C++ insert function pointer into memory

Question

I am trying to overwrite a char and a function pointer on the stack. Based on what I found on this question (How can I store a value at a specific location in the memory?) I was able to figure out how to overwrite the character. My problem now is that I get a compile error saying I am casting it wrong.

void foo(char letter);
void bar(char letter);

void function1()
{
  void (*pointer)(char);
  pointer = foo;
  letter = 'B';
  function2();
  (*pointer)(letter);
}

void function2()
{
  int number; // Used in omitted code

  *(char *)(&number + 75) = 'A';
  *(void (*)(char)) (&number + 42) = &bar; // This is the line with the error
}

The first injection works but the second one gives me a compile error.

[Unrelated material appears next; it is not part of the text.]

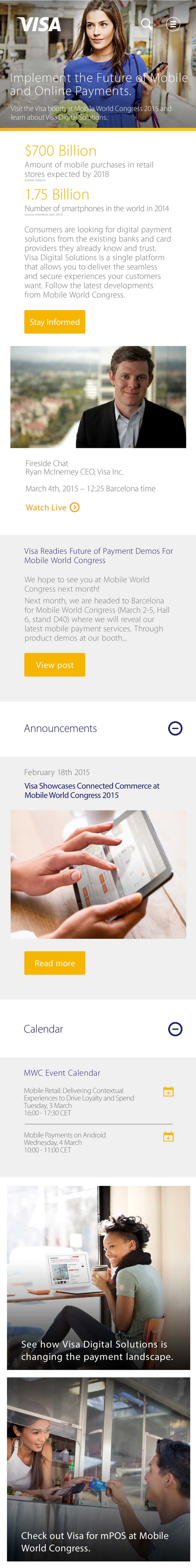 Visa approached gyro to design new webpages and e-blasts to introduce their newest services at the Mobile World Conference. The new pages needed to be responsive while also matching current branding for Visa.com. As the only source to learn more about the new services, they needed to be very easy to understand and provide a positive experience to all users.

I am running Redhat Linux using a g++ compiler. The error I get from the compiler is:
"cannot convert ‘void (*)(char)’ to ‘void(char)’ in assignment"

If I change that line to *(void(char)) then the compiler says:
"invalid cast to function type ‘void(char)’"

What is the proper syntax for this?

(This is modified code from a school security assignment, I'm not writing malware)

Answer 1

Your goal is to write the address of pass to memory, so why are you casting (&number + 13) to a function pointer? Just do what you did before:

*(long *)(&number + 13) = (long)&pass;

And you won't get a compiler error. As to what will happen when this undefined behavior is invoked, you'll just have to see.

Edit: As @DavidGrayson pointed out, if we deference the right side of the equation, we'd get the contents of the function, not its pointer. So we have to cast it to a POD type, not a pointer.